**EXERCISE INSTRUCTIONS**.
Give back every line of the material exactly. Skip the pictures.

GIVEN DATA Start Marker

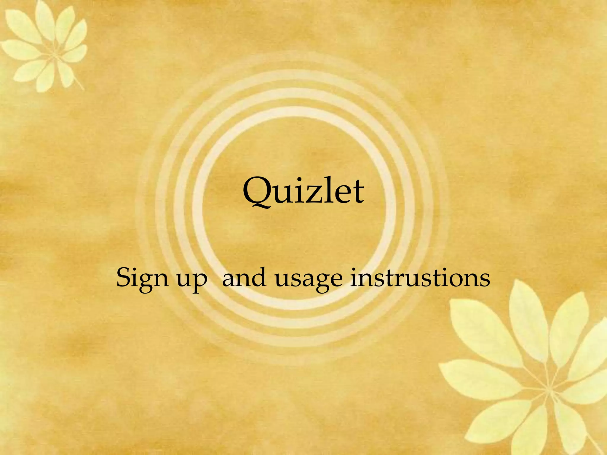 This document provides instructions for signing up and using the study site Quizlet. It explains that students can join groups made by their teacher to access flashcard sets for different classes, and can also make their own flashcard sets. It lists the website address and provides steps for signing up, activating an account, searching for and joining groups, and studying flashcards or playing games on Quizlet.
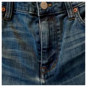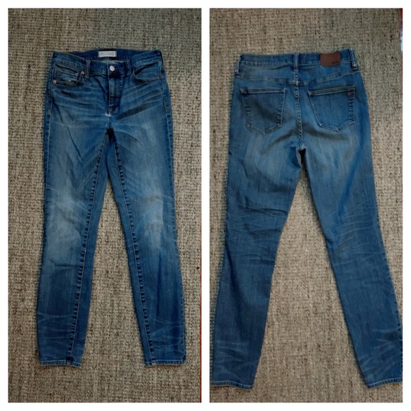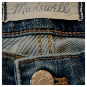 Medium wash jeans. High waist. Zip fly front. Distressed. Gently worn. Overall good condition. Comes with Madewell bag.
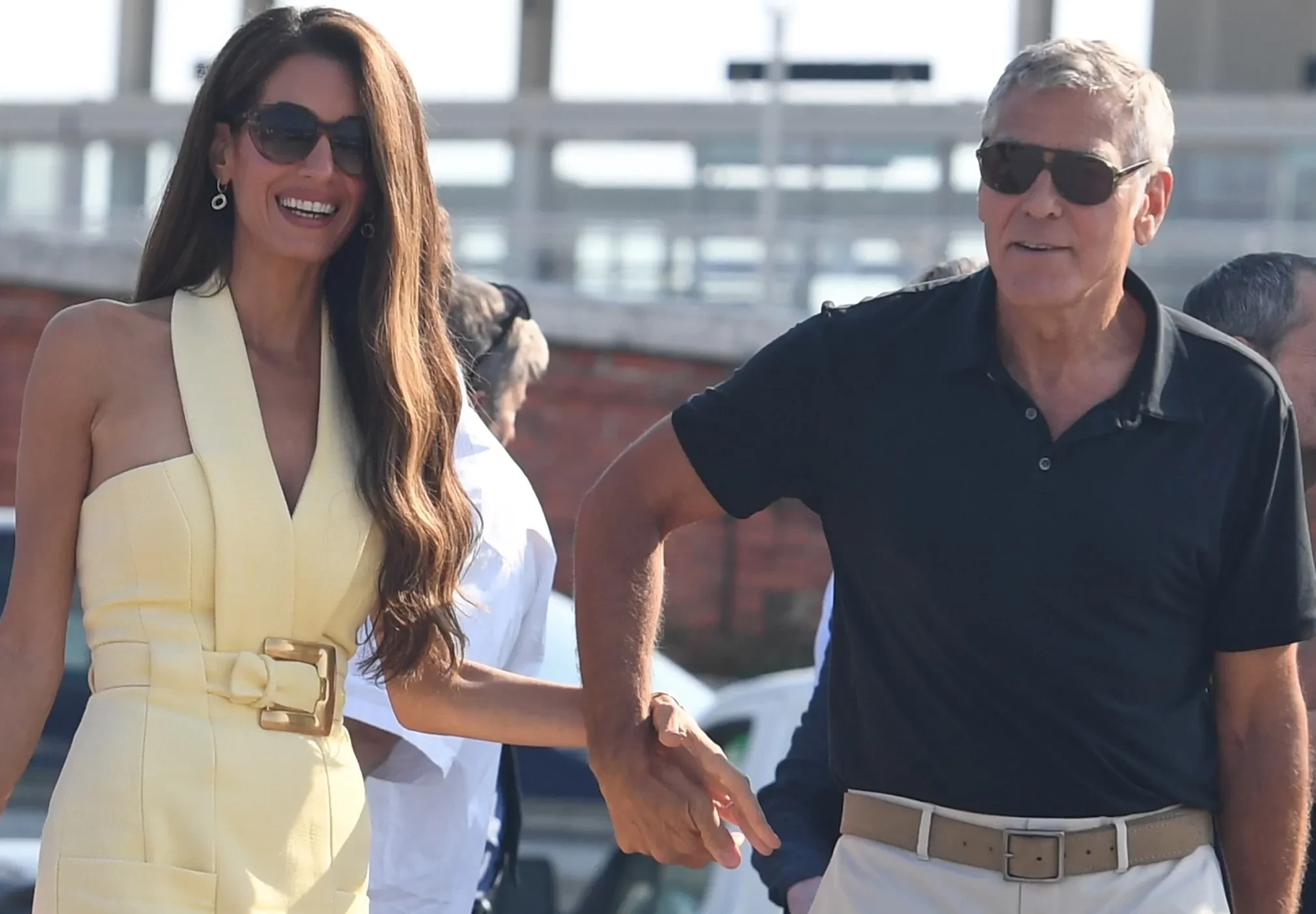 47-летняя Амаль улыбалась фотографам, держала мужа за руку и была одета так, будто готова выйти на красную дорожку: в платье Balmain цвета сливочного масла и белые туфли Prada. 64-летний Джордж выбрал более повседневный образ — светлые брюки и поло.

GIVEN DATA End Marker

**TASK RESULT**.
 This document provides instructions for signing up and using the study site Quizlet. It explains that students can join groups made by their teacher to access flashcard sets for different classes, and can also make their own flashcard sets. It lists the website address and provides steps for signing up, activating an account, searching for and joining groups, and studying flashcards or playing games on Quizlet.
 Medium wash jeans. High waist. Zip fly front. Distressed. Gently worn. Overall good condition. Comes with Madewell bag.
 47-летняя Амаль улыбалась фотографам, держала мужа за руку и была одета так, будто готова выйти на красную дорожку: в платье Balmain цвета сливочного масла и белые туфли Prada. 64-летний Джордж выбрал более повседневный образ — светлые брюки и поло.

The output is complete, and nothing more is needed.